Review – Chronic Christmas: Surviving the Holidays with a Chronic Illness by Lene Andersen

When my pal Lene asked me to review her book, Chronic Christmas: Surviving the Holidays with a Chronic Illness, I was like YES. It took me a while to get to it because I haven’t been as good at priorities lately – or, perhaps, I’ve been too good. After all, part of it was cause I was doing self-care stuff.
The whole point of Chronic Christmas can be boiled down to these great lines from the intro:
Each chapter will start out with a section dedicated to you, the reader who has a chronic illness, sharing something you can do to help yourself enjoy the season. And then there will be another section for those who’d like to help you, with some tips along the same theme (Kindle Locations 50-52).
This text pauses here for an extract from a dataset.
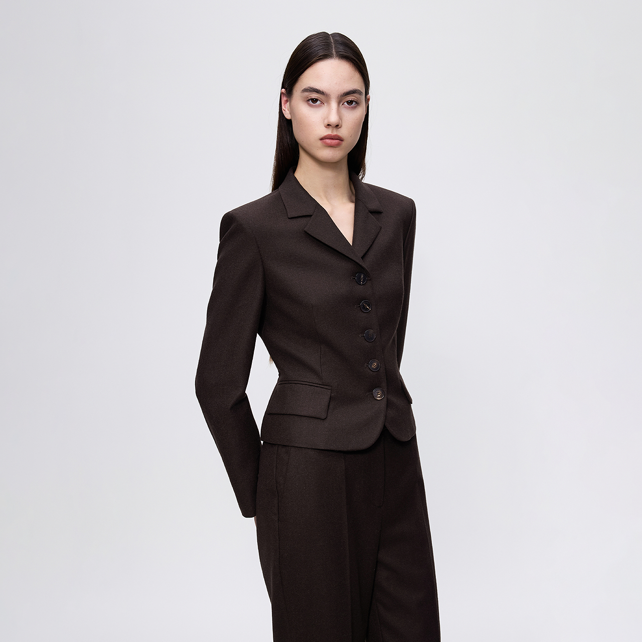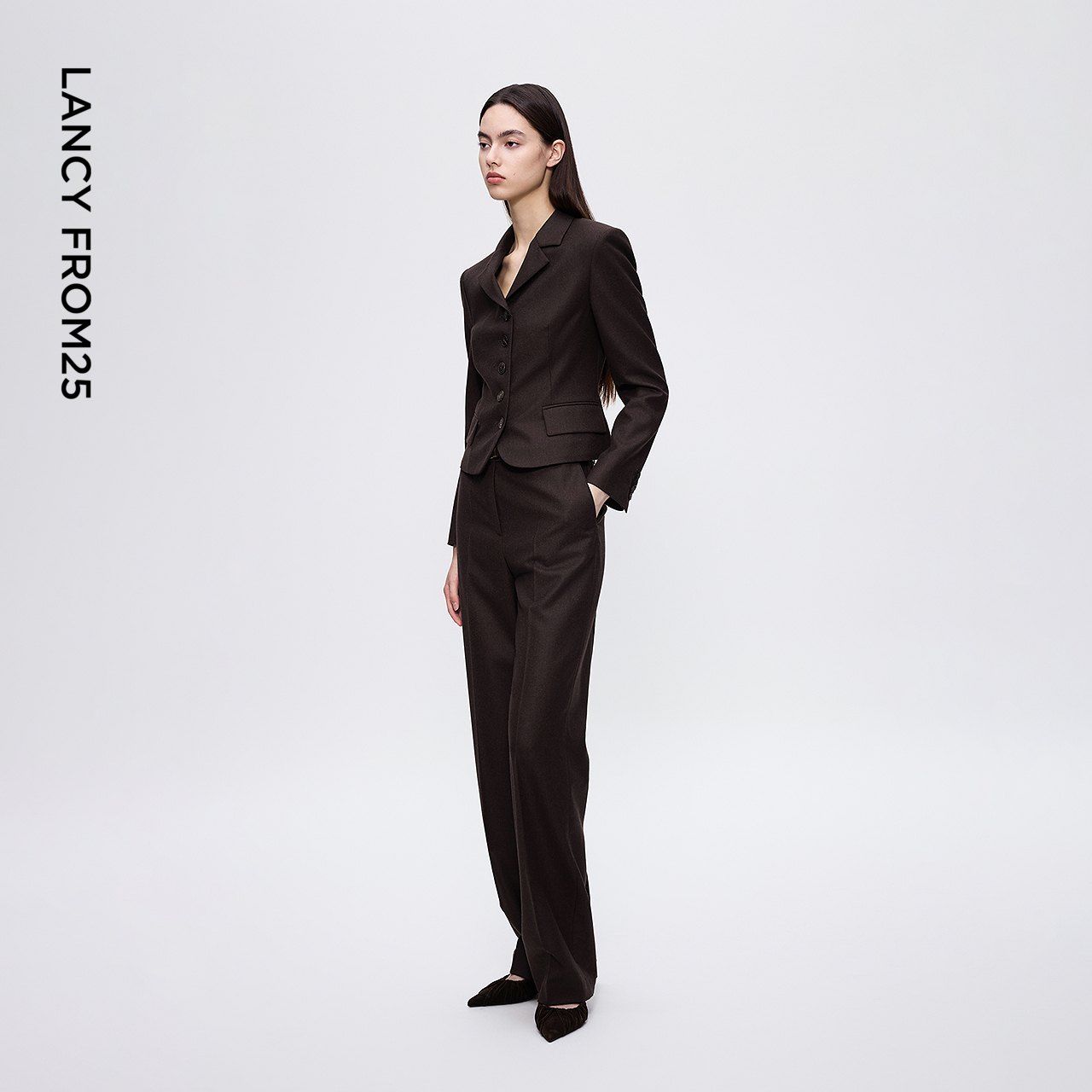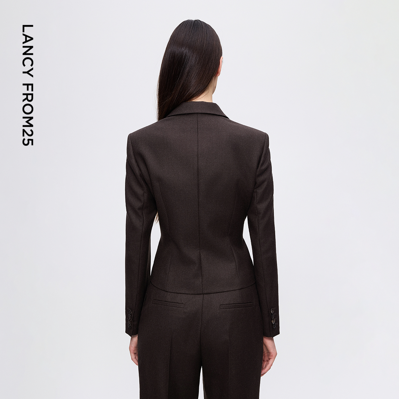 新款 朗姿设计感绵羊毛西装 短外套小翻领通勤风上衣2025年冬季

So much of the time, items are for us OR our loved ones. There is little to no crossover which, frankly, is sad. We need more of those kinds of things that we can enjoy with our loved ones or share with them without any empathy or compassion training needed.
In addition to recommendations such as online shopping for us sick peeps, Lene weaves in ideas like our friends helping us out by going shopping with us or even for us. She even includes family recipes that look heavenly.
One of my favorite parts is where Lene talks gifts – specifically what our non-ill pals can get us for holidays. Gift certificates, subscription boxes, books, and even helping with our medical expenses make the list. We often don’t think of giving gift cards like those pre-loaded Visa cards, but I can’t help but think that those would be so much more helpful for us than our loved ones know.
I mean, I’d likely wind up buying the guinea pigs fun things, but they are a part of my life with illness, too. They aren’t as expensive as other pets, but they sure do love to eat!
In the end, what Lene gives us is a sense of hygge, or that coziness that comes with connection, love, and support. To truly do this, we must embrace how things are (or good enough) while learning to ask for and receive help.